Here, all three values are in an acceptable range:

cpu_load_core (avg) is the average load per core. Across all \(8\) cores of the job, each one was on average utilized at 86% (\(0.86\)). The perfect value would be \(1\)
cpu_user (avg) is the average CPU utilization by user processes (the application), opposed to system activities or even idle cycles
job_mem_used (max) shows the maximum value that has been measured across the jobs duration. With \(3.75\) GB available per core on this particular HPC system, the job could have used up to \(30\) GB of memory. Any value below that is acceptable, but we could consider lower --mem settings in our Slurm job configuration.

In jobs performing floating point operations on data read from memory, i.e. any numeric operation, which are very common in HPC, a Roofline plot is a common visualization of the jobs performance.

On the x-axis, computational intensity shows the ratio of floating point operations compared to the loaded data from memory. The bold diagonal line represents the maximum possible performance limited by the memory bandwidth. On the other hand, the horizontal lines represent the maximum possible performance limited by the number of possible scalar operations (lower line) and vectorized instructions (upper line).

Many calculations on fewer data result in a large computational intensity (compute bound), right of the knee. Few calculations on more data results in less computational density (memory bound), left of the knee.

Color-coded dots show how close the application came to the physical performance limits over the job duration. There is no data visible for jobs that employ no floating point operations, which unfortunately is the case here.

Select Metrics button in the ClusterCockpit job view

More detailed plots for each individual metric are available and can be configured through the Select Metrics button.

Linaro Forge perf-report results are stored in a HTML or .txt format, for example:

The text file is readable from the command line, which is very convenient for quick checks in HPC environments.
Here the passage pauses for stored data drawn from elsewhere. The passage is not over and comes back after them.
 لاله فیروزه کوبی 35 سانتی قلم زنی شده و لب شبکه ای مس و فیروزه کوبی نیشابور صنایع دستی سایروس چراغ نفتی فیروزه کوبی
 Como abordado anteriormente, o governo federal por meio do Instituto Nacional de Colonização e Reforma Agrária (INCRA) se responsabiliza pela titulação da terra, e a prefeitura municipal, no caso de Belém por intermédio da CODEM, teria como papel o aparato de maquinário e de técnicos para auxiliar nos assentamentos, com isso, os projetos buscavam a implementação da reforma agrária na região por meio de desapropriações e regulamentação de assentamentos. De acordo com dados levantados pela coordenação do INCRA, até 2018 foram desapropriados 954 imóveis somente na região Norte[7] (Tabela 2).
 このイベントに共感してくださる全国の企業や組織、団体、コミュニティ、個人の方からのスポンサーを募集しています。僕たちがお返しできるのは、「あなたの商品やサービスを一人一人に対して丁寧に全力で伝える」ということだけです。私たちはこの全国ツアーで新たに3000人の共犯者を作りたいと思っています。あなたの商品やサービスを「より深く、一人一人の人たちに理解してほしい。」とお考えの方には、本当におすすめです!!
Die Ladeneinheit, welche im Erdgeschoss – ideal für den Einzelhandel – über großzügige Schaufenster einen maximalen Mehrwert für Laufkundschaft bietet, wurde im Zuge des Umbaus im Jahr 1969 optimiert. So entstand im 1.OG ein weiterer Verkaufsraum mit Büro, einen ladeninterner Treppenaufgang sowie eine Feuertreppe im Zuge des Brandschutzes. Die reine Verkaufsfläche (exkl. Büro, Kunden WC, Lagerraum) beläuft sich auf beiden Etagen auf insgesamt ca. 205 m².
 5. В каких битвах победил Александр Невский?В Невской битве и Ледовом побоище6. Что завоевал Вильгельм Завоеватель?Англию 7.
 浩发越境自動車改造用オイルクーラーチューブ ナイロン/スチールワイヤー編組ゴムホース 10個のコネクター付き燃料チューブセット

The HTML version, however, provides better rendered visualizations and formatting.

At the top, the Performance Report states metadata about the underlying computer hardware and the application. The job is summarized in terms of computational intensity, time spent in MPI calls, and impact of disk I/O operations.

The application is automatically classified in these three dimensions and accompanied with suggestions of further investigation.

Here, our application spends 99.5% of the runtime in computations. Any performance optimization has to focus on improving calculations in the CPU.

N/A

CPU

CPU performance can be categorized in

Front-end utilization: preparation and scheduling of instructions of program code provided through the cache hierarchy
Computation: Arithmetic and logical operations with various data types, including the utilization of vectorized instructions, etc.
Back-end utilization: loading and storing of data in the cache hierarchy

The front- and backend hardware of a physical CPU core is often duplicated to implement simultaneous multithreading (SMT, also called hyperthreading). Here, the arithmetic logical unit receives data and instructions from two independent threads to achieve a sufficient amount, which is a common limiting factor in everyday calculations. On HPC systems, the benefit of SMT is very much application-dependent. It is often disabled on HPC systems, since code is optimized to maximize computational intensity.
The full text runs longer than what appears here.